Was den konservativen Unterhaus-Abgeordneten und späteren Premierminister von Großbritannien so in Rage brachte, war ein Vertrag zwischen den Regierungschefs von Deutschland, Italien, Frankreich und Großbritannien, der als Münchner Abkommen in die Geschichte eingegangen ist. Dieses Abkommen sah vor, dass die Tschechoslowakei, die nach Ende des Ersten Weltkriegs gegründet worden war, ihre überwiegend deutschsprachigen Gebiete – auch „Sudetenland“ genannt − räumen und an das Deutsche Reich abtreten musste. Damit verlor sie nicht nur wichtige Industriegebiete, sondern auch den größten Teil eines ausgedehnten Systems von Grenzbefestigungen, des „Tschechoslowakischen Walls“. Und spätestens hier stellt sich die Frage: Wie konnte sich die tschechoslowakische Regierung auf so ein Abkommen einlassen?

Die Antwort lautet: Ihr blieb nichts anderes übrig – denn Hitler hatte von Anfang an keinen Zweifel daran gelassen, dass er so oder so in die Tschechoslowakei einmarschieren würde. Und die Westmächte verlangten von ihrem östlichen Bündnispartner, Hitlers Forderung zu erfüllen! Auf militärische Hilfe könne die Tschechoslowakei jedenfalls nicht hoffen, wenn es zu einem Angriff Hitlerdeutschlands käme. Denn Frankreich und Großbritannien glaubten im Herbst 1938 immer noch, den deutschen Diktator durch Zugeständnisse von einem Angriffskrieg abhalten zu können. Sie betrieben eine Politik, die „Appeasement“ genannt wird: eine Politik der Beschwichtigung und des Nachgebens gegenüber dem selbsternannten „Führer des Dritten Reiches”, der indes immer dreister und skrupelloser wurde.

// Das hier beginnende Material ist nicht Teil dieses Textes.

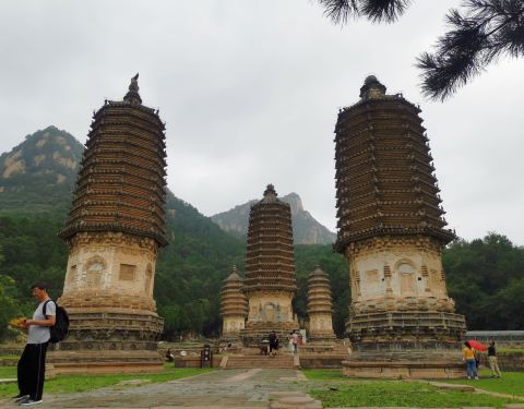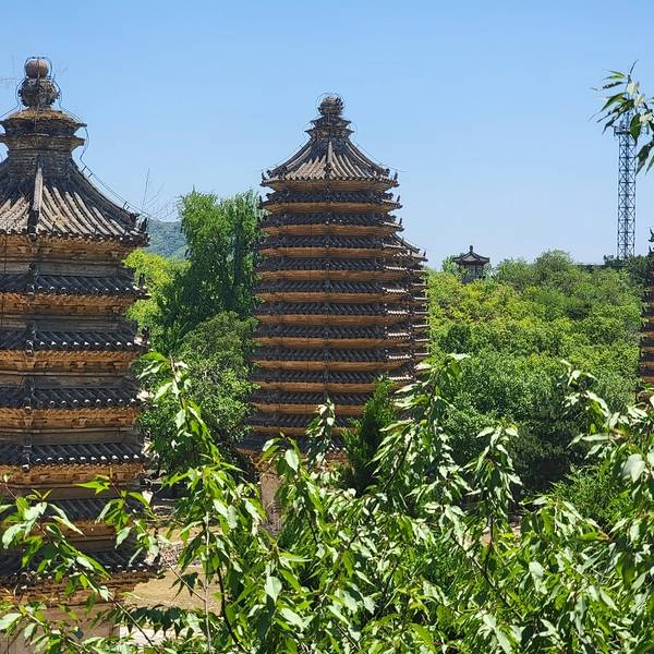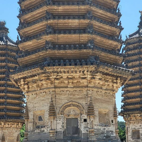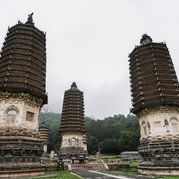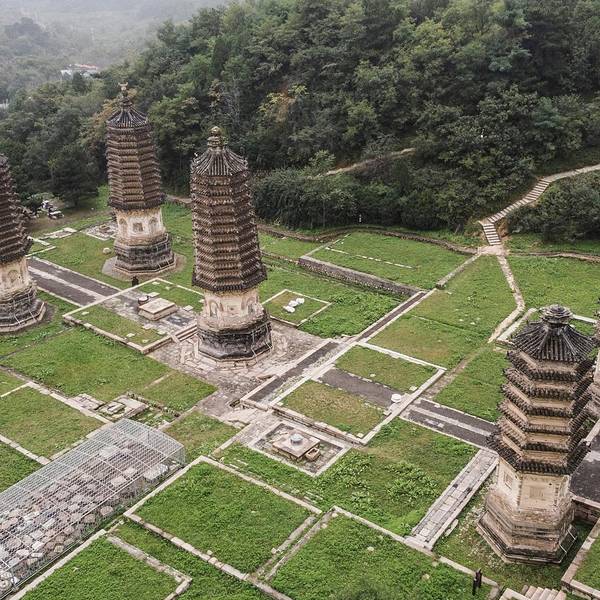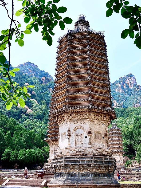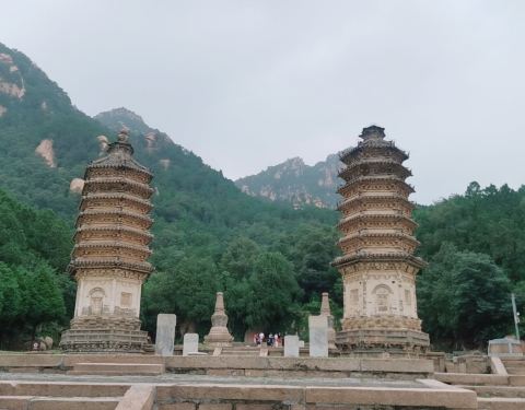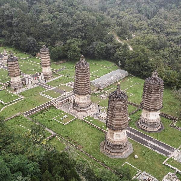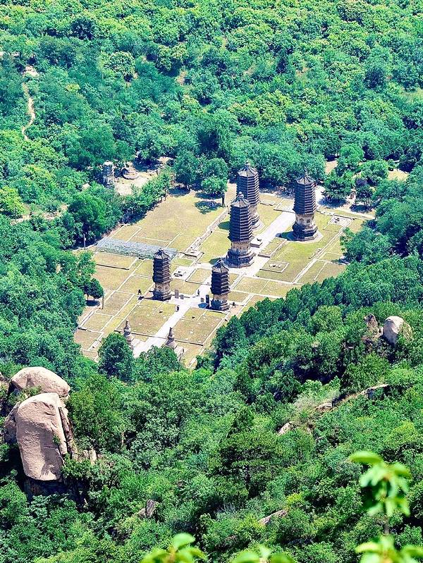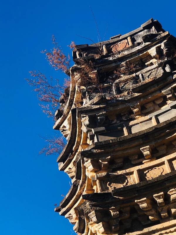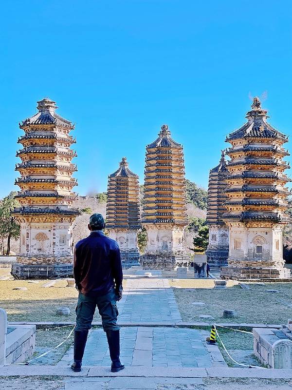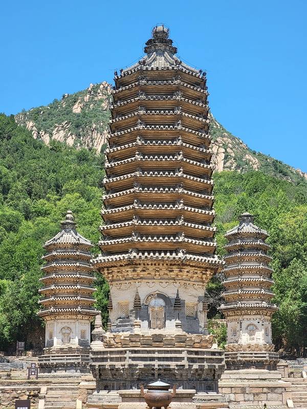 🛤踏入景区入口,穿过一片树丛,5座巨大的金代密檐式塔赫然映入眼帘。这方土地在唐贞观年间始建寺院;金天会年间佛觉大禅师海慧在此潜修并重建庙宇,陆续树立佛塔群,盛极一时。明正统二年(1437),英宗朱祁镇敕赐额“法华禅寺”。1941年,侵华日军进犯八路军北平根据地,寺庙毁于一旦,仅剩如今的地基和地上耸立的7座佛塔。正中最高的佛觉禅师塔塔高22.8米;造型最精美、保存状况最好的是西南角的懿行大师塔,是典型的金代作品。山体各处错落分布着其他一些小型佛塔。🎬此外,塔林还是《黄河绝恋》《倚天屠龙记》《箭士柳白猿》等影视剧的取景地。
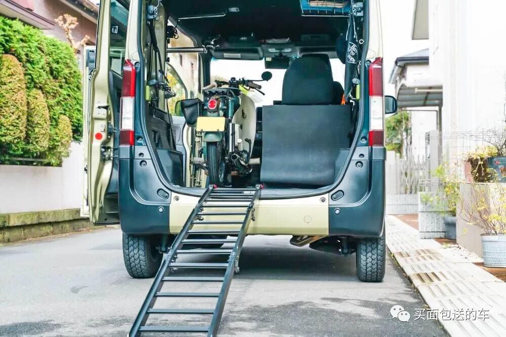 到达目的地后,用铝合金折叠跳板就可以将幼兽摩托从后备箱释放下来,单人就可以完成操作。

Kapitel 3: Die Sudetenkrise

Seit Jahren ging das schon so. Keine Westmacht war eingeschritten, als deutsche Truppen widerrechtlich das Rheinland besetzten; niemand hatte protestiert, als Hitler sich mit Drohungen und Erpressung ganz Österreich unter den Nagel riss. Und nun begehrte der Diktator das Sudetenland mit den rund drei Millionen deutschsprachigen Einwohnern. Die Weltwirtschaftskrise hatte auch dort den Nationalsozialismus so weit gestärkt, dass die von Hitlers NSDAP gelenkte Sudetendeutsche Partei (SP) versuchte, die sudetendeutschen Gebiete von der Tschechoslowakei abzuspalten. Höhepunkt war das unter dem SP-Vorsitzenden Konrad Henlein ausgearbeitete Karlsbader Programm mit völlig überzogenen Forderungen an die Regierung in Prag. Hitler nutzte diese Situation gezielt aus, um die anderen europäischen Länder unter Druck zu setzen. Nach außen hin pochte er auf das Selbstbestimmungsrecht der Völker – in diesem Fall der Sudetendeutschen, die schon seit 1919 lieber zum Deutschen Reich gehören wollten. Entweder, so tönte der deutsche „Führer”, würde die Tschechoslowakei freiwillig auf das Sudetenland verzichten – oder er würde es mit Waffengewalt „heim ins Reich“ holen. Diese Drohung unterstrich er in reißerisch aufgemachten Berichten mit bewährten Propagandamitteln: Die „Volksdeutschen“, wie Hitler die deutsche Minderheit nannte, würden von den Tschechen brutal unterdrückt und misshandelt. Was Hitler dabei verschwieg: Die Zerschlagung der Tschechoslowakei war längst beschlossene Sache. Hitler wollte neuen „Lebensraum“ für seine „arische Herrenrasse“, vor allem, um die eigene Wirtschaft am Laufen zu halten und dabei immer weiter aufrüsten zu können. Die böhmischen und mährischen Industriegebiete kamen Hitler dafür gerade recht.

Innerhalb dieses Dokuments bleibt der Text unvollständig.